Either the radio had packed up or they were on the wrong wavelength, leaving the men cut off from base in the sweltering heat of Upper Burma. It was March 13, 1944, and they were just two days into a planned 14-day patrol behind enemy lines. Even the battle-hardened jungle fighters, seven officers and 56 men – the vast majority of them Burmese – were feeling the strain of the oppressive heat and their heavy 60lb packs.
Then a few days later, disaster struck when one of the officers, Captain John Gibson, triggered a booby trap. Shrapnel from the blast tore into him, leaving 20 wounds stretching from his left shoulder down to his left heel. Adding to their woes, it was clear the Japanese had launched a major offensive against India, and Allied forces were retreating fast. Even their experienced commander, Major Edgar Peacock, a man who had lived in the Burmese jungles for 18 years before the war, was suffering from severe heat stroke. Nerves were fraying as the men faced the grim reality of their situation.
But Major Edgar Peacock was a hard man and not one to give up easily. As the men of P-Force (Peacock Force) tended to Gibson’s terrible injuries on a ridge overlooking the Kabaw Valley, a plan began to form. Leaving behind non-essential stores and explosives, having washed and dressed Gibson’s wounds and dosed him with morphine, they strapped him to a hastily made bamboo litter and began the exhausting job of carrying him out of the jungle.
These Special Operations Executive, or SOE, men were tough and resourceful and, ultimately, they won through – saving Gibson’s life. He made a full recovery and would complete two more daring missions behind enemy lines with SOE.
For saving Gibson, Peacock was awarded the Military Cross – a remarkable achievement for a man in his 50s who had fibbed about his age to join the war effort in 1940. Edgar Henry William Peacock was born in Nagpur, India, in February 1893, part of a fourth generation of the Peacock family who had been in India since the 1790s. When he was just 15 years old, tragedy struck when a cholera outbreak orphaned Edgar and his three brothers.
Consequently, raised strictly by his siblings and at boarding school, young Edgar developed into a resilient and independent man.
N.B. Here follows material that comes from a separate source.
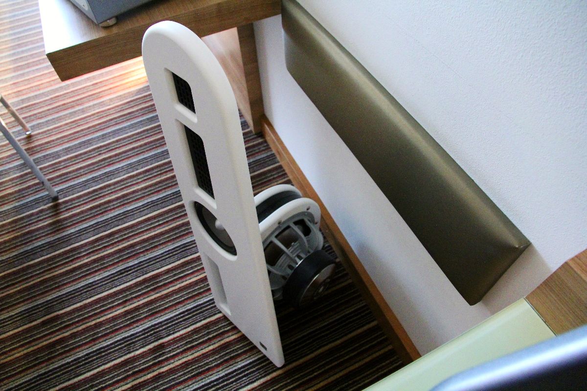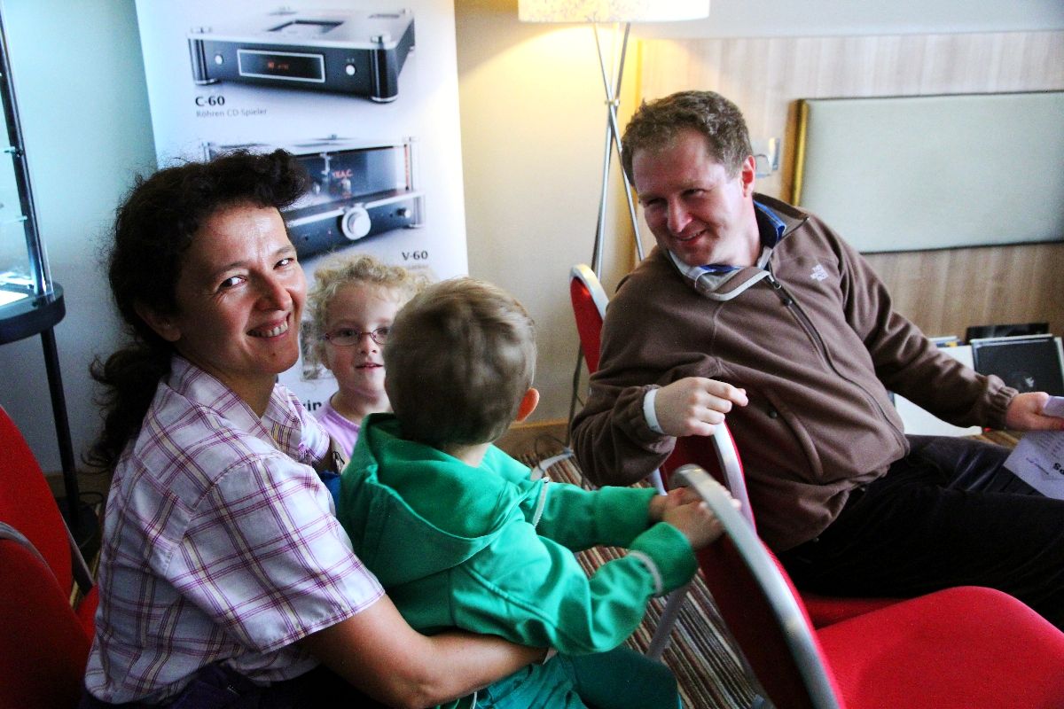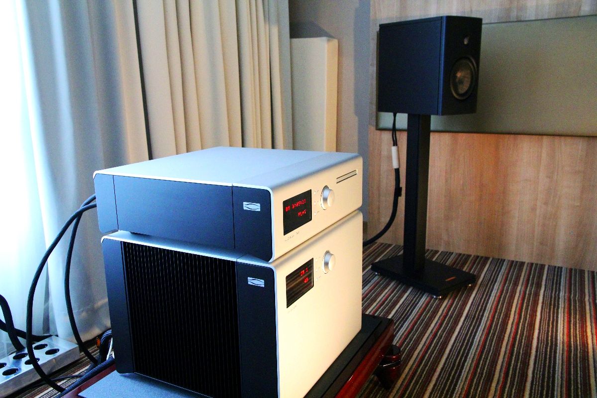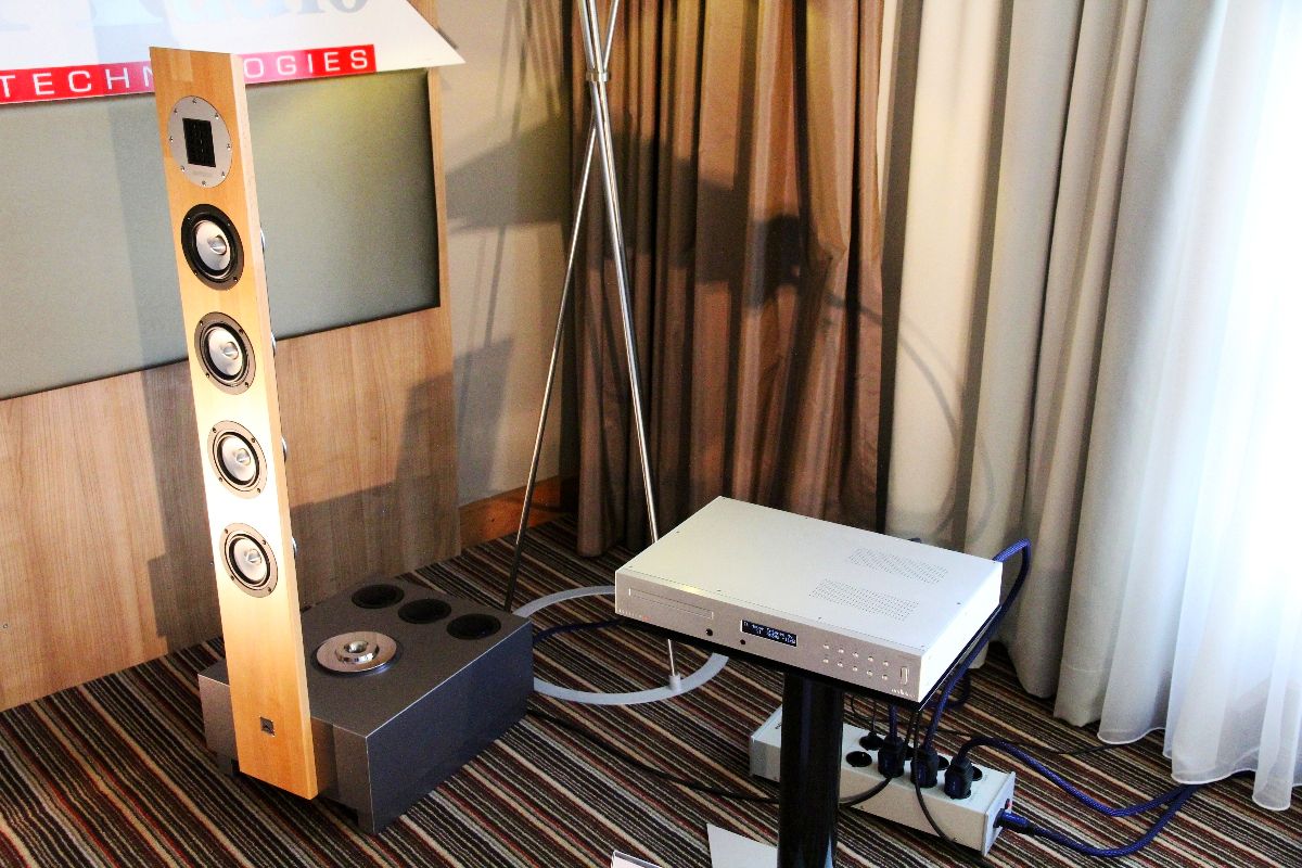 An seinem Stand in den „Zürich“-Räumen des Hotels ließ es sich Phonosophie-Chef Ingo Hansen nicht nehmen, zunächst mein musikbestücktes Smartphone zu „entstören“ und sodann einen spürbar stimmstärkeren Tom Waits über ein Pärchen erstaunliche Aktivlautsprecher mit Bambusgehäuse in den Ausstellersaal zu entlassen. Die Standnachbarn nahmen’s erstaunlich cool, darunter auch Andreas Schönberg von Audio Exclusiv, der den brandneuen CD-Player P8 auch tatsächlich über seine Elektrostaten erklingen ließ.

These were exactly the qualities needed for the unconventional role of a Special Forces officer within the highly secretive SOE.
He entered the Indian Forestry Service in 1914, having trained at the Forest Research Institute at Dehradun. He was then posted to Burma. In 1924, Peacock married his wife, Geraldine, in Rangoon, Burma, and then returned to his work as a Forest Officer. This included lengthy tours in the jungle on which his wife and their baby, Joy, accompanied him. In 1932, Peacock retired from the Forestry Service and the family moved to England.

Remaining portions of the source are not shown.